Борис Парамонов: Вернувшись к раннее цитированному Чехову, к характеристике Гольцева, мы даже чисто веховское словечко здесь обнаруживаем: интеллигенция как орден, то есть замкнутая группа, чуждая широко понимаемой жизни. Речь идет о том, что в тех же "Вехах" было названо либеральной цензурой. Вот Михайловский, упрекавший Чехова за безыдейность, яркий и авторитетный тип такого идейного цензора. И у большевиков ихняя цензура – именно идейная, а не политическая, – идет отсюда, от либеральной интеллигентской традиции. Конечно, большевики были огрублением этого типа, но самый тип тот же.

Иван Толстой: Борис Михайлович, тут некоторый перекос у Вас, по-моему, обозначается: Чехов получается то ли прагматик-европеец, то ли эстет, а вернее то и другое вместе. А разве у Чехова не было некоторых, так сказать, общечеловеческих идеалов?
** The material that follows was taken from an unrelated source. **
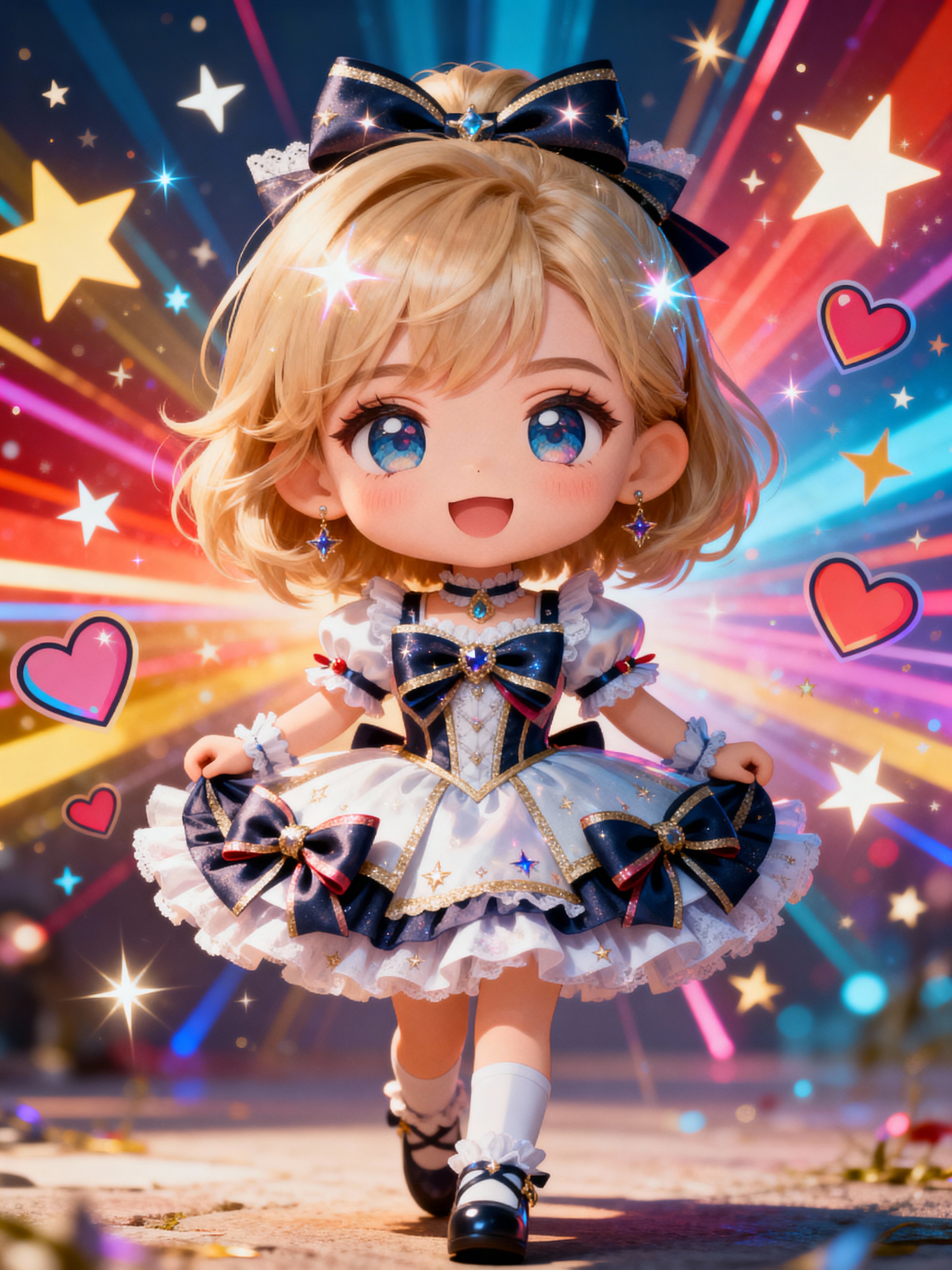 A chibi-style avatar of the model as a cheerful hero, wearing a frilly magical girl dress with oversized bows and sparkling eyes . The background is a colorful burst of stars and hearts. The style is in cute chibi anime illustration.

Борис Парамонов: Хороший вопрос. Именно были, и об этом нужно сказать. Чехов в ту пору, молодым и еще относительно здоровым, был, как ни парадоксально это звучит, националистом-государственником. Молодому Чехову был присущ не то что конформизм, а несомненный патриотизм. Он явно не был интеллигентом-отщепенцем. Он хотел работать для России, и не только как литератор. И тут мы переходим к загадочной теме о поездке Чехова на Сахалин. Вот уж точно, текстуально по Мольеру: какой черт понес его на эту галеру?

И тут мы переходим к загадочной теме о поездке Чехова на Сахалин: какой черт понес его на эту галеру?
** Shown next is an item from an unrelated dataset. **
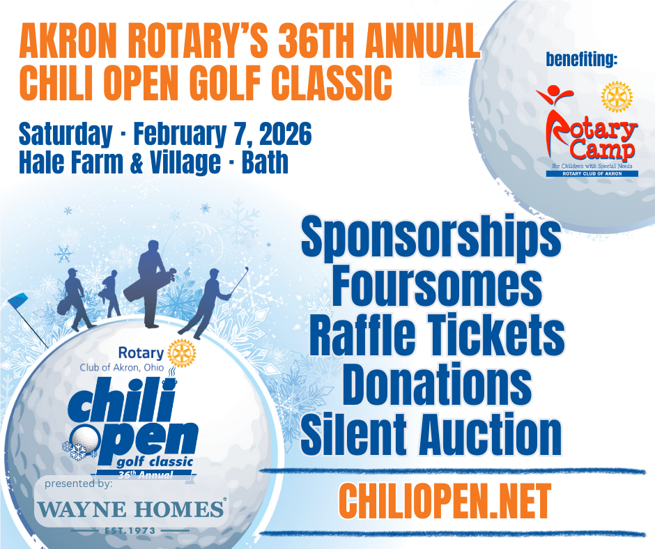 We appreciate your support in ensuring that this year's Chili Open remains a success for our Club, benefiting the campers at Akron Rotary Camp!

Вот с чего начался чеховский Сахалин: он написал по поводу смерти Пржевальского статью в "Новое время", где были такие слова:

Диктор: "…подвижники нужны, как солнце. Составляя самый поэтический и жизнерадостный элемент общества, они возбуждают, утешают и облагораживают. Их личности – это живые документы, указывающие обществу, что кроме людей, ведущих споры об оптимизме и пессимизме, пишущих от скуки неважные повести, ненужные проекты и дешевые диссертации, развратничающих во имя отрицания жизни и лгущих ради куска хлеба, что кроме скептиков, мистиков, психопатов, иезуитов, философов, либералов и консерваторов, есть еще люди иного порядка, люди подвига, веры и ясно сознанной цели".

Борис Парамонов: Здесь перечислены в негативе чуть ли не все интеллигентские занятия и пристрастия. И противопоставляется этим "хорошим людям" – Пржевальский, между прочим, генерал. Это человек, делающий действительно важное дело, прославляющее Россию: путешественник, исследователь дальних земель. Чехов очень заметно подчеркивает тот факт, что он умер вдали от России. Начинается тема Сахалина, этой самой смертной дали.
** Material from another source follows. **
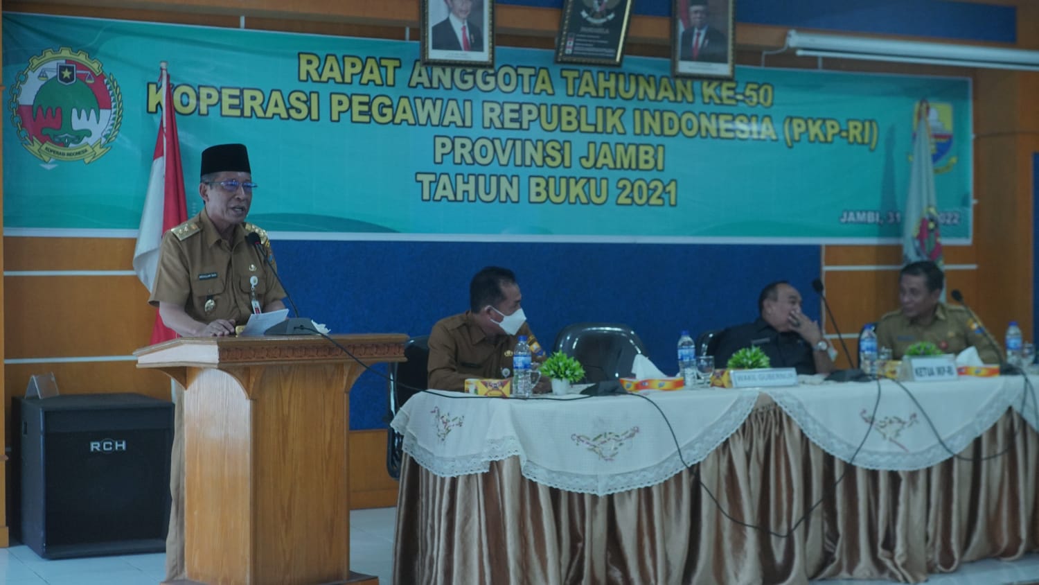 Jambi – Wakil Gubernur Jambi, Drs.H.Abdullah Sani,M.Pd.I menyatakan, Rapat Anggota Tahunan (RAT) merupakan suatu momentum untuk melakukan evaluasi dan control terhadap kepengurusan koperasi. Hal tersebut dinyatakan Sani saat membuka RAT Pusat Koperasi Pegawai Republik Indonesia (PKP RI) Provinsi Jambi, bertempat di Aula Gedung Dinas Perkebunan Provinsi Jambi, Selasa (31/05/2022).

И вот чрезвычайно интересный документ: письмо Чехова редактору "Русской мысли" Вуколу Лаврову от 10 апреля 1890 года, за десять дней перед отъездом на Сахалин. Документ в некотором роде таинственный, содержащий, можно сказать, неадекватную реакцию Чехова на критику. Читаем:

Диктор: "Вукол Михайлович! В мартовской книжке "Русской мысли" на 147 странице библиографического отдела я случайно прочел такую фразу: "Еще вчера, даже жрецы беспринципного писания, как гг, Ясинский и Чехов, имена которых" и т. д. На критики обыкновенно не отвечают, но в данном случае речь может быть не о критике, а просто о клевете. Я, пожалуй бы, не ответил бы и на клевету, но на днях я надолго уезжаю из России, быть может, никогда уж не вернусь, и у меня нет сил удержаться от ответа.

Беспринципным писателем или, что одно и то же, прохвостом я никогда не был.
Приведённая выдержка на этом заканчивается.